This repository contains FLARE, a Snakemake-based workflow for metagenomics and AMR (antimicrobial resistance) analysis.

1) Installation

Clone the repository and enter it:

git clone https://github.com/stalbrec/FLARE && cd FLARE

Create and activate the Snakemake environment (replace the name if you prefer):

conda env create -f workflow/envs/snakemake.yaml -n snakemake
conda activate snakemake

Note: the workflow uses --use-conda so Snakemake will create per-rule envs from workflow/envs/ when needed.

2) Minimal configuration

Edit config/config.yaml and set at least:

  • samples: path to your FASTQ folder or a samples.tsv file
  • output_dir: directory for results

Filenames should include R1 and R2 (e.g. sample1_R1.fastq.gz).

You can use this dummy config as a starting point (this is the repository's default config/config.yaml):

# kraken2
kraken2_db: "/home/common-data/databases/kraken2_old"
kraken2_memory_mapping: true
# deeparg
deeparg_data: "/home/common-data/databases/deeparg"
# individual runs
samples: "/home/common-data/seq/testfiles/"
output_dir: "results-test"

Short explanation of the keys:

  • kraken2_db: path to a Kraken2 database used for taxonomic classification.
  • kraken2_use_tmpfs: if true, copy Kraken2 DB to tmpfs for speed (requires enough RAM).
  • kraken2_tmpfs_path: path to tmpfs mount point for Kraken2 database.
  • kraken2_memory_mapping: use memory-mapped files if supported.
  • deeparg_data: path to DeepARG data directory.
  • samples: path to your FASTQ folder or samples.tsv file (required).
  • output_dir: directory where results will be written (required).

Edit the file with:

nano config/config.yaml

3) Simple run

# activate conda environment if not active already:
conda activate snakemake

# run the workflow
snakemake

Re-run the same command after fixing errors — Snakemake will skip completed steps.

5) Troubleshooting

General tips:

  • Check logs/ for rule-specific logs.
  • If conda envs fail, ensure conda activate snakemake succeeded.

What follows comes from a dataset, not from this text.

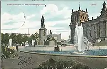 В конкурсе на проект памятника Бисмарку с участием более 90 человек победителя определить не удалось, и кайзер Вильгельм II поручил возвести памятник Бисмарку в восточной части Кёнигсплаца своему любимому скульптору Рейнгольду Бегасу. Ансамбль национального памятника высотой 15 метров с основанием в 20 на 12 метров возводился перед Рейхстагом в 1897—1901 годах. Его изначально украшали две полукруглые чаши фонтанов по бокам и скульптурные группы из песчаника тритонов и наяд работы Людвига Кауэра. Торжественная церемония открытия национального памятника Бисмарку состоялась 16 июня 1901 года.
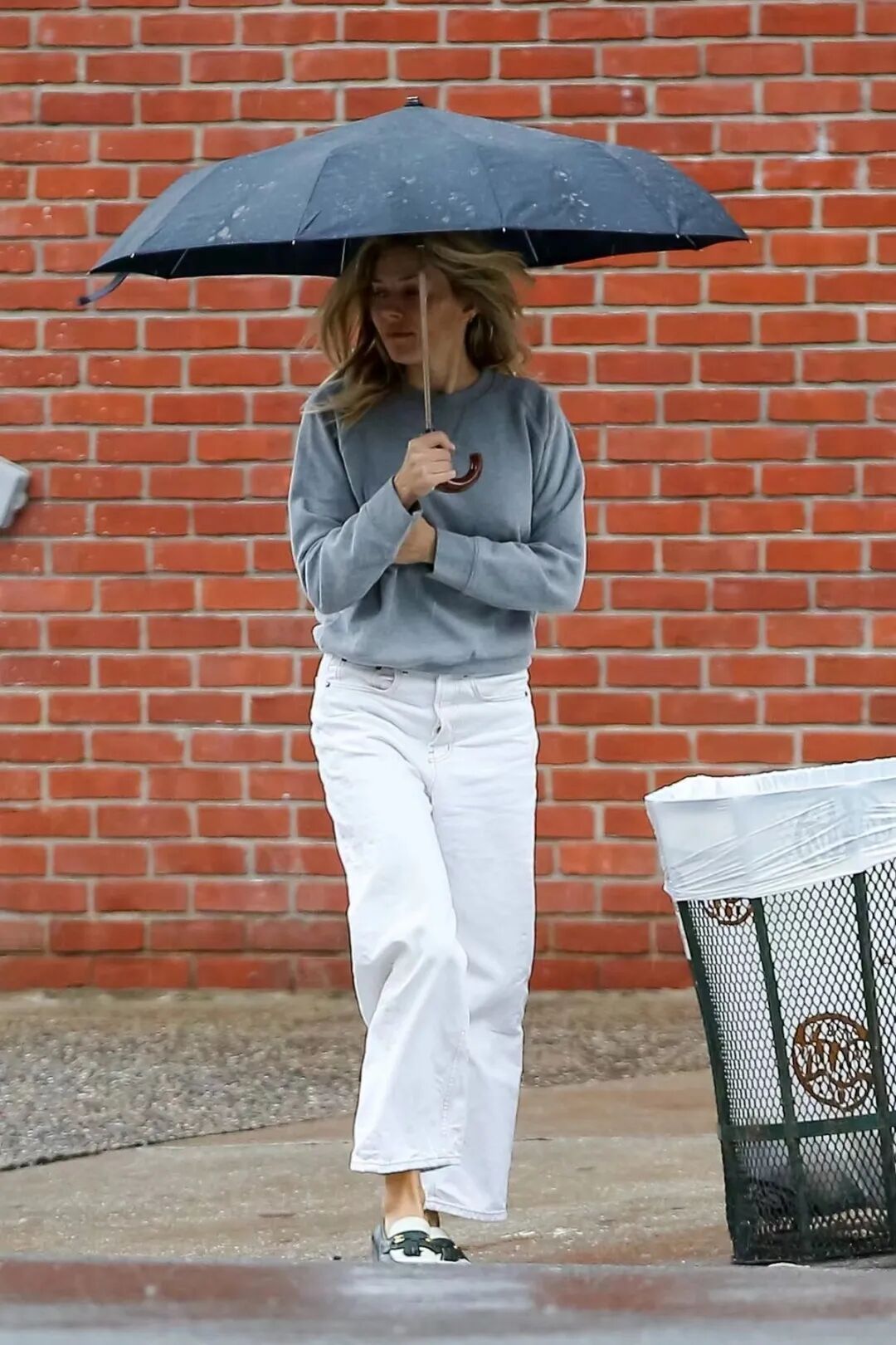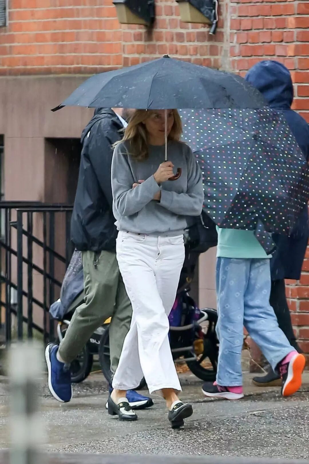 西椰娜接女兒放學中,她私下裡的日常裝扮倒是蠻好借鑑誒:灰色套頭衫看起來質感很好,搭配白色牛仔褲清爽舒適。

missing input files inside the container

If Snakemake complains about missing input files, make sure any paths you added in your config are also bound to the singularity runtime in workflow/profiles/default/config.yaml:

singularity_args: "--bind /absolute/path/to/some/data/path"

The docker image is not accessible/gone and I need to switch to installing the conda environment on the system

Just go through all rules (i.e. in workflow/Snakefile and in all files in workflow/rules) and replace:

    container:
        "docker://ghcr.io/stalbrec/flare:latest"

with:

    conda:
        "../envs/metagen.yaml"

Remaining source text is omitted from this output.